Madison Reed is a company that focuses on an e-commerce solution for the home hair care market, and perfected the approach to selling hair coloring products over the Internet.
The company has launched with a $12 million Series B round of funding, the company announced Tuesday. The round was led by Norwest Venture Partners (NVP), with previous investors True Ventures and Maveron also participating.
Previously known as Madison Color, the company raised $4 million in Series A funding from True Ventures, Maveron and angel investors in April of last year. It has now raised a total of $16 million in funding.
Madison Reed's mission is to provide a wide range of hair care products, beyond only coloring supplies, to women all over the world. While color supplies are its only business currently, it also wants to supply shampoos and conditioners. That expanded vision is what necessitated the name change, Amy Errett, the CEO and co-founder of Madison Reed, told me in an interview.
"Color was too limiting. We felt as if we wanted the company to have focus that was more about the real person," she said. "While color is a core part of the business, but we also want to do shampoo and conditioner. We changed the name to closely align with that broader mission."
There is a more personal touch to the name as well: Madison and Reed are the first and middle name of Errett's daughter.
Madison Reed gives women a full end-to-end experience, helping them both pick out, and then apply, the color.
First, in order to find the right shade, customers can go onto the website or app and either use Madison Reed’s Color Translator or its Color Advisor tools. Customers can also get live feedback from a team of certified Color Crew colorists.
Once they have found the right color, the customer pays $29.95 for the formula, which is shipped directly to their door. It arrives in a Madison Reed’s re-invented application kit, and customers can then watch videos on how to apply the color it to their hair correctly.
Customers can also set a delivery schedule so that the product will automatically arrive at their door.
Madison Reed is not a supplier of other company's products; it has develops its own products, which are manufactured in Italy. A big part of the company's mission is to appeal to people who care about their health by not including certain chemicals, such as ammonia and resorcinol.
"People are asking more and more what is in these products, and to know the ingredients," Errett said. "It's becoming more important."
She pointed to a recent article from the New York Times about how Johnson and Johnson had been putting formaldehyde in their No More Tears shampoo for babies as "an example of how consumer awareness is important."
"Our big mission is to develop products that are consciously taking this stuff out," said Errett. "We didn't do this because it is popular, we did it because we care."
The new money that the company has will be used for both hiring and expansion. Madison Reed will be adding more people centered on logistics and supply chains, including making sure that there is full time staff of trained colorists.
The company will also be building out its mobile capabilities, including adding the ability to use pictures to analyze color and color match.
"Our mission is not to replace people with technology, but to allow customer to use tech to get look great and get great results," Errett said.
And, finally, the company will use the funding to invest in having physical presence.
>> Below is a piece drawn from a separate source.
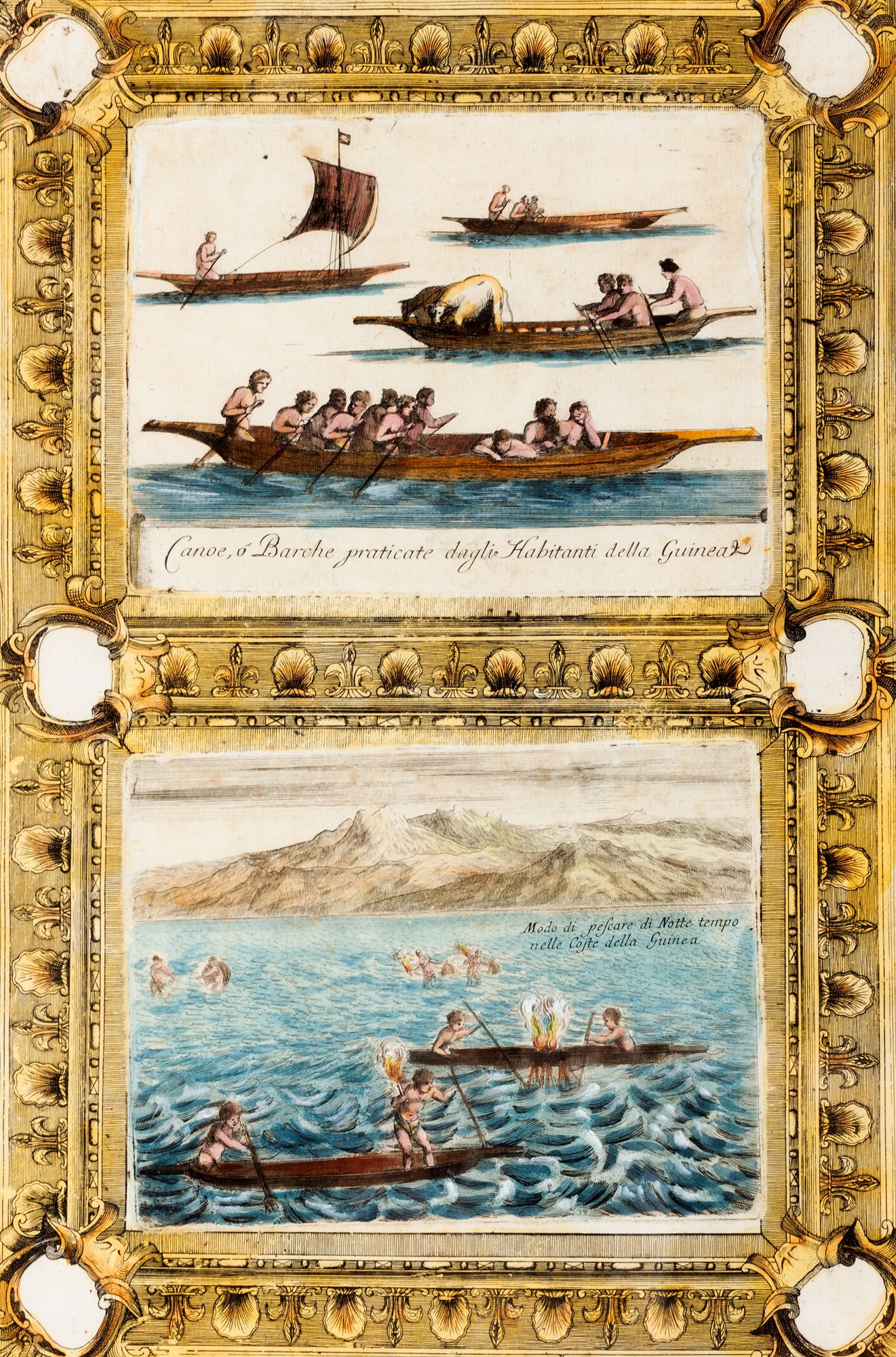 Lot 263 | Cartografia - Coronelli, Vincenzo Maria - Canoe o Barche praticate dagli Habitanti della Guinea - Modo di pescare notte tempo nelle coste della Guinea

While there is no plan to have Madison Reed stores, the company is looking into setting up kiosks because "the physical presence is critical."
The company also does not have any plans to have products sold through salons, though six of them are already using Madison Reed products on their customers and more are asking to buy them, something that Errett called "surprising."
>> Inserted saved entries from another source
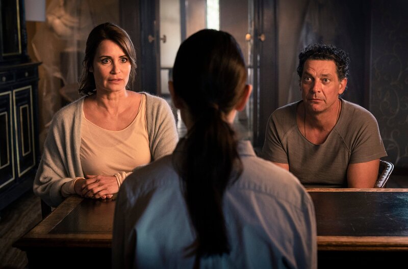 Die junge LKA-Beamtin Sarah Brandt (Anna Bederke, Mitte) teilt Mikis getrennt lebenden Eltern Nikola Walter (Anja Kling) und Klaus Witt (Gregor Bloéb) mit, dass sie gemeinsam in den Zeugenschutz müssen.Bild: © ARD Degeto/Stephan Rabold
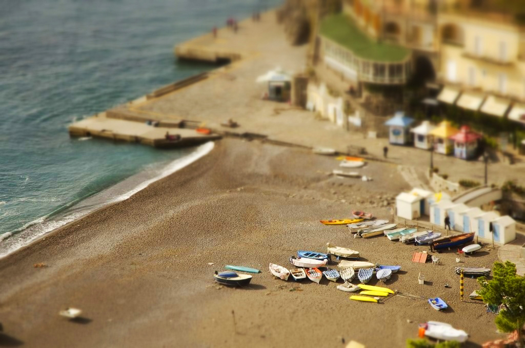 Positano Beach in Autumn with a tilt/shift effect added. Published November 16, 2011 at 1024 × 678 in Out and about in Positano Positano Beach in Autumn with a tilt/shift effect added
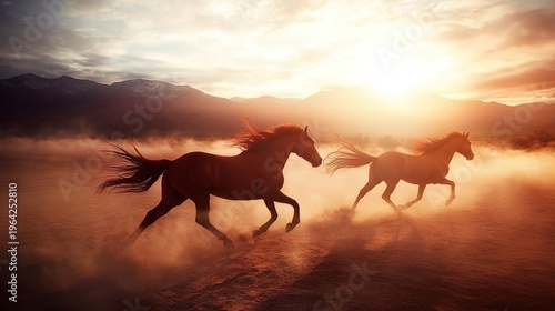 galloping. Galloping horses create a dust cloud in the desert, capturing dynamic movement and energy. event key visuals, club posters, designed for sports event promotions and stadium branding.
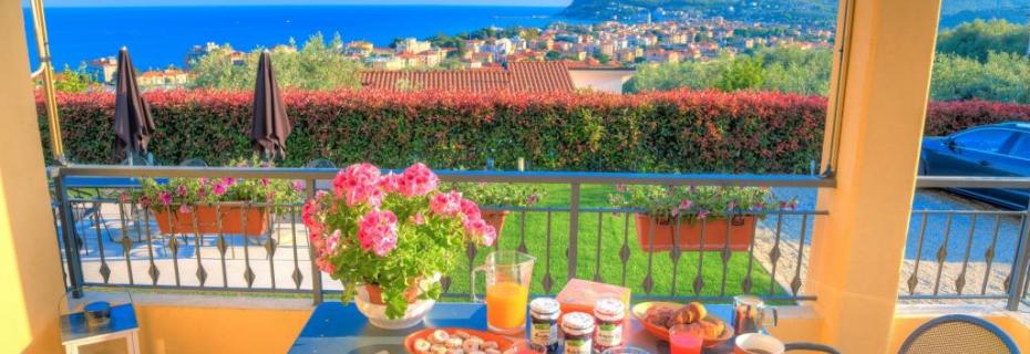 Appartamenti in moderna villa con jacuzzi, giardino, piscina e vista mare.

The size of the hair care market
The hair care market is very large and offers "a huge prize" for the company that can corner it.
A 2012 IBISWorld report shows that at $10 billion, hair color is the largest fast-growing major category of salon products. This holiday season alone, online shopping grew 9.3% to $95.7 billion, accounting for more than 15 percent of all sales.
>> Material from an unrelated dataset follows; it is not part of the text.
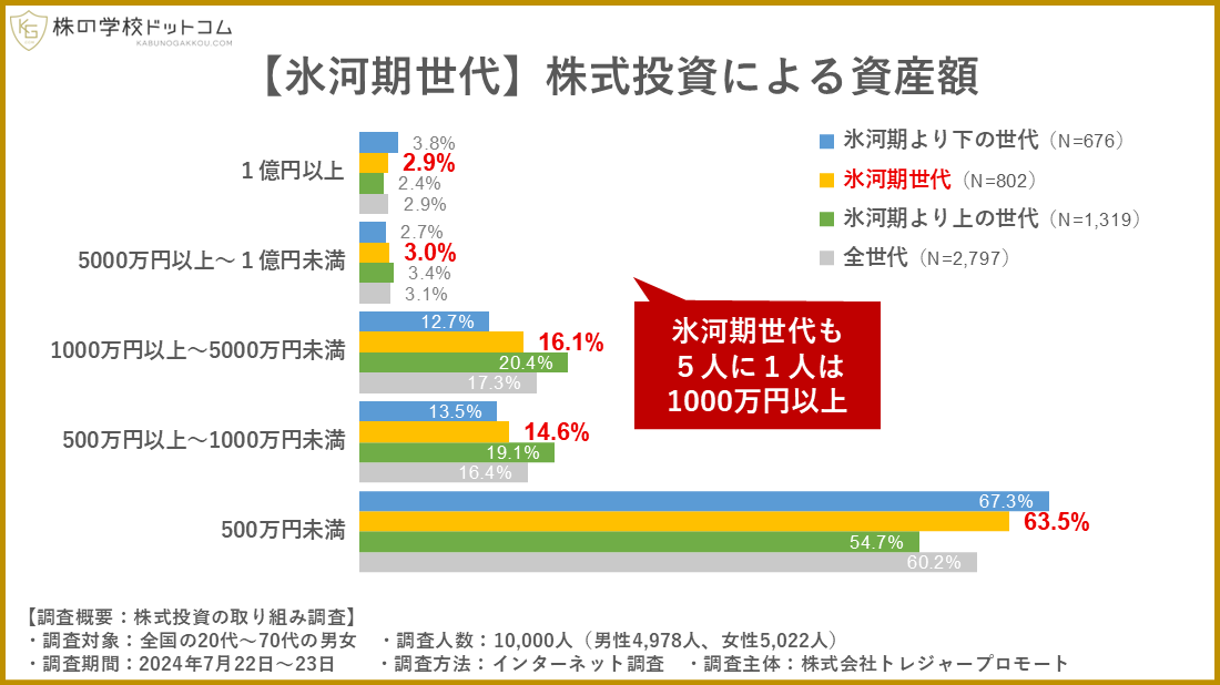 そんな氷河期世代は、株式投資でどれくらいの資産を保有しているのでしょうか。同じ1万人を対象としたアンケート調査(2024年7月実施)では、株式投資に取り組んでいると回答した氷河期世代(802人)のうち、63.5%にあたる509人が「500万円未満」と回答しました。これは、他の世代と比べて見ても大きな違いはありません。

Currently, 90 million women in the U.S. color their hair, each spending $330 annually. This holiday season alone, online shopping grew 9.3 percent to $95.7 billion, accounting for more than 15 percent of all sales.
Obviously, Errett's goal is to have Madison Reed be the preeminent home hair care company, and to have the brand become as synonymous with hair care products as Zappos is with shoes and Warby Parker is with glasses.
"It wasn’t that long ago that one would ever have thought of ordering glasses or shoes online because you needed to try them on," she said. "It is the same with hair color. But the world is changing and we see ourselves as a facilitator."